Multiple Chemical Sensitivities Syndrome (MCS) remains a doubtful entity. Plaintiff counsel offering a medical expert who believes in the condition should expect a scientifically-based Defence challenge to its existence.
5 years ago 5 major criteria were proposed for a working diagnosis:
(1) symptoms are reproducible with exposure;
(2) condition is chronic;
(3) low levels of exposure result in manifestations of the syndrome;
(4) symptoms resolve with removal of incitants;
(5) responses occur to multiple, chemically unrelated substances. All the criteria resulted from self-report.
Multiple Chemical Sensitivities Syndrome is a condition diagnosed on self-report and without objective criteria
Scientific investigation has revealed no indicators of Allergy or abnormalities of the Immune System, indeed no objective clinical or pathological tests have hitherto identified sufferers from MCS.
The exceptions are psychological findings: current Anxiety or Depressive Disorder is significantly more common, and 25% of patients fulfilled criteria for Somatisation Disorder (Medical Litigation News Volume 2, Issue 2) before the onset of the chemical sensitivity. There has yet been insufficient rigorous research refuting or proving a psychological cause.
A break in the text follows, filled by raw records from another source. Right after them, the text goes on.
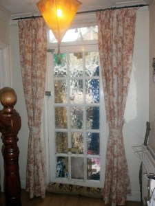 Sorry, but I’m not actually going to shut up yet… really it’s now the final curtains, the last one from the Laura Ashley set, lengthened with the strip cut from the conservatory ones & made into a pair for the front door. It all looks rather posh now! I’m amazed how quickly it all happened; it’s almost as if they wanted to be used rather than being sent off for ragging, because despite the sheer weight of the fabric and the fact that half the time I was finger-pressing rather than doing a proper job with the iron, somehow I hardly put a stitch wrong & my quick-unpick was only used to remove the header tape, which was then re-used. So now I have three pairs of matching warm, lined curtains, which kind of fit nicely in a house this age & size, for the princely sum of £3.50 – one of the 50p curtains poles was not needed so went off with a friend, but I had to buy a few more pin-hooks to hang the last set as the rings on that pole are metal. One reason why the old curtains looked so tatty was probably that one of them only had two pin-hooks left; the rest of the rings were attached with a motley selection of safety pins!
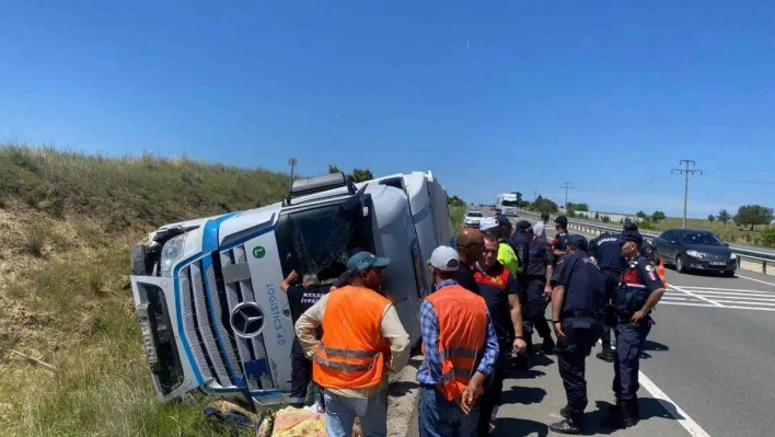 Edirne'nin Keşan ilçesinde meydana gelen trafik kazasında, yoldan çıkarak yan yatan tırın sürücüsü hayatını kaybetti.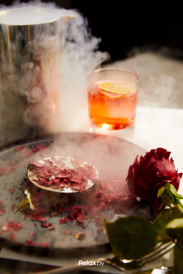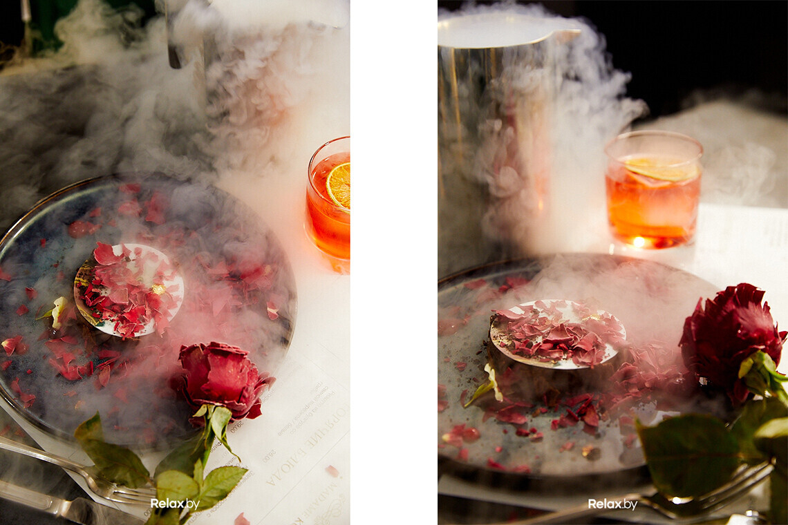 Одно из самых популярных блюд со дня открытия — шоколадное парфе со снегом из маринованной розы, шоколадным чипсом и ягодным соусом. Фишка не только во вкусе, но и в подаче с жидким азотом и съедобной розой, которая около недели маринуется в специальном составе из воды, сахарного сиропа, глюкозы, смеси цитрусовых, розмарина, чили и др. Вячеслав рассказывает, что за первые два-три дня работы было продано порядка 120 таких десертов.

Although psychological cause is not proven, many MCS patients fulfil criteria for pre-existing or current psychiatric disorders
Researchers from the Mayo Clinic would like to substitute the term "Odor Aversion" to provide a better description of the frequently-disabling symptoms and to reverse the implied endorsement of a supposed Allergic or Immunological basis.
Early results of Behavioural Therapy support their proposition that some cases result from simple Pavlovian Conditioning.
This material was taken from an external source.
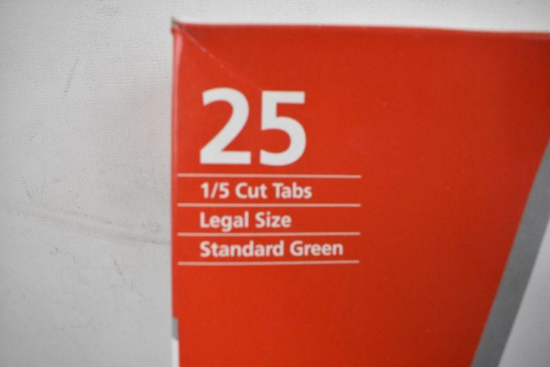Pendaflex 25x 1/5 Cut Tabs, Legal Size, Standard Green - New

"Absent the exposure..." will likely be difficult to prove
A recent Canadian study suggested that MCS might have a similar, if not identical, pathophysiological basis, to Panic Disorder.
In particular, the condition could be mimicked by an infusion of (alkaline) sodium lactate but not by a control solution of saline (salt water). Such production of the characteristic symptoms is peculiar to sufferers from the two conditions.
The majority of MCS patients tested also fulfilled the Diagnostic and Statistical Manual, 3rd Edition (DSM-III) criteria for Panic Disorder.
MCS would presently appear to result from a psychological vulnerability combined with a mistaken belief of toxic injury
According to this model, the symptoms would result from hyperventilation or overbreathing and should, therefore, be susceptible to the therapies effective in Panic Disorder.